Situated around 800 km from the North Pole, Eureka is one of the coldest inhabited places in the world. With a mean annual air temperature of -19.7° C and polar night lasting from mid-October until the end of February, this Arctic weather station on Ellesmere Island has just a handful of residents. Now research shows that climate change is biting even here.

Ellesmere and Axel Heiberg Islands are the two most northerly islands in the Canadian high Arctic. Permafrost here is over half a kilometre thick and has a mean annual temperature of -16.5°C at its surface. It’s been this way for thousands of years; people assumed that the cold temperatures would keep permafrost in the region safe.

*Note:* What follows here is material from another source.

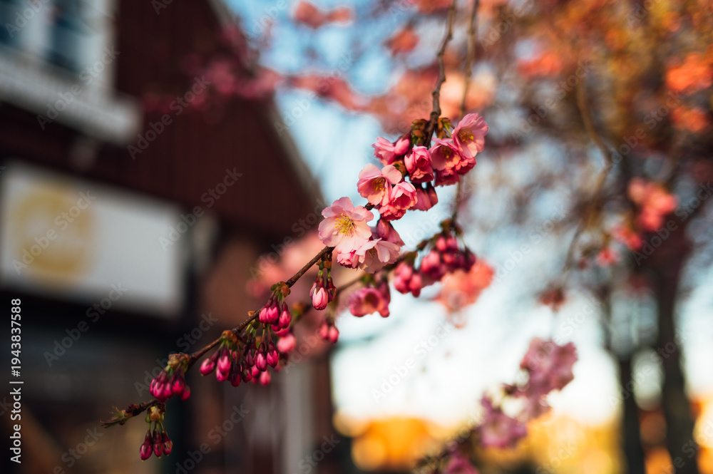 Cherry blossom branch in front of house at sunset in Heiligenhafen #1943837588
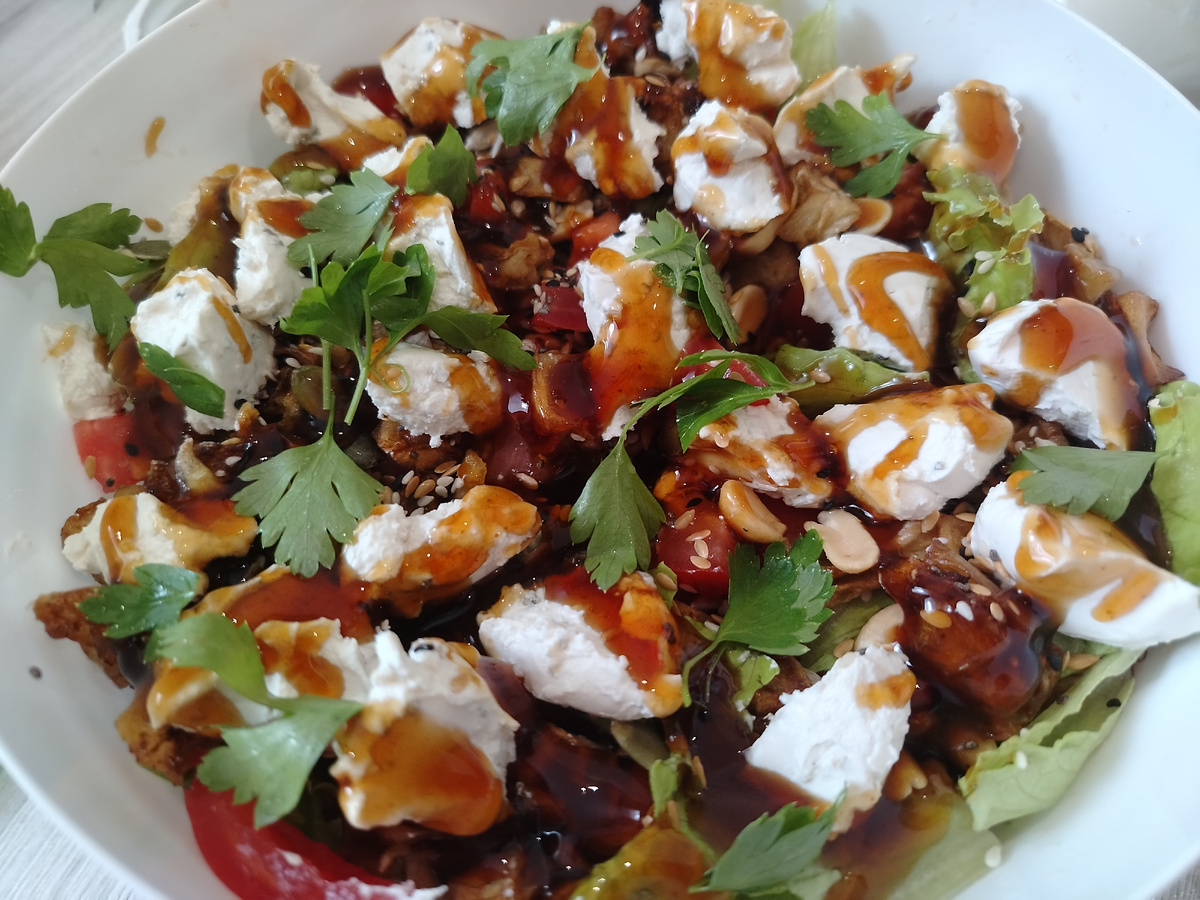 ❤️ Баклажан средний - 1 шт ❤️ Крахмал - 3 ст.л. ❤️ Томаты (или черри) - по вкусу ❤️ Петрушка свежая - по вкусу ❤️ Творожный сыр - по вкусу ❤️ Соус Терияки ❤️ Соль - по вкусу ❤️Арахис ❤️Листья салата 1️⃣Баклажан вымойте, очистите и нарежьте крупными кубиками. 2️⃣Посолите баклажаны и хорошо обваляйте в крахмале. 3️⃣Обжарьте в разогретом масле до золотистой корочки. 4️⃣Выложите на бумажные полотенца для удаления лишнего масла. 5️⃣Смешайте баклажаны с соусом. 6️⃣В салатник выложите листья салата, томаты, петрушку и сыр. 7️⃣Добавьте баклажаны в соусе и аккуратно перемешайте. 8️⃣Посыпьте порубленным арахисом. Приятного аппетита!

Wayne Pollard from McGill University, Canada, has monitored this permafrost since 1989, flying the same transect from the Eureka Weather Station by helicopter every summer. He scans the landscape beneath for the tell-tale features where permafrost thaw has made horseshoe-shaped “bites” known as retrogressive thaw slumps.

Combining this long-term record with high-resolution satellite imagery showed that high Arctic permafrost is not as stable as we thought.

Until 2003 Pollard generally spotted somewhere between 50 and 100 slump features every summer. Since then numbers have increased; on three occasions there have been over 200 slumps each year.

Pollard used GPS measurements and satellite imagery to measure the rate of headwall retreat for some of the more recent slumps, working with colleagues from McGill University and University of Alaska Fairbanks, US. These features are growing fast, the team found, at up to 26 m per year.

“These are dramatic landforms as they appear suddenly and grow quickly,” says Melissa Ward Jones of McGill University. “The land surface lowers as ground ice melts and releases large volumes of sediments that get displaced downslope and can enter water bodies and impact aquatic ecosystems. They also impact terrestrial ecosystems because often vegetation that grows after the disturbance is different.”

Comparing slump frequency with average July temperatures suggests that recent record summer warmth – with average air temperatures of 7 °C or more – has been a trigger. “The widespread increases [in slumps] we’ve seen in the last 16 years is likely attributed to increases in summer air temperatures,” says Ward Jones.

These exceptionally warm summers appear to have driven permafrost thaw despite average annual temperatures remaining fairly steady over time.

“I think we should approach these high Arctic observations as a warning sign to changes that will be experienced in southern areas, because an area we think of as being really cold and stable is undergoing rapid change,” says Ward Jones.

The team published the study in Environmental Research Letters (ERL).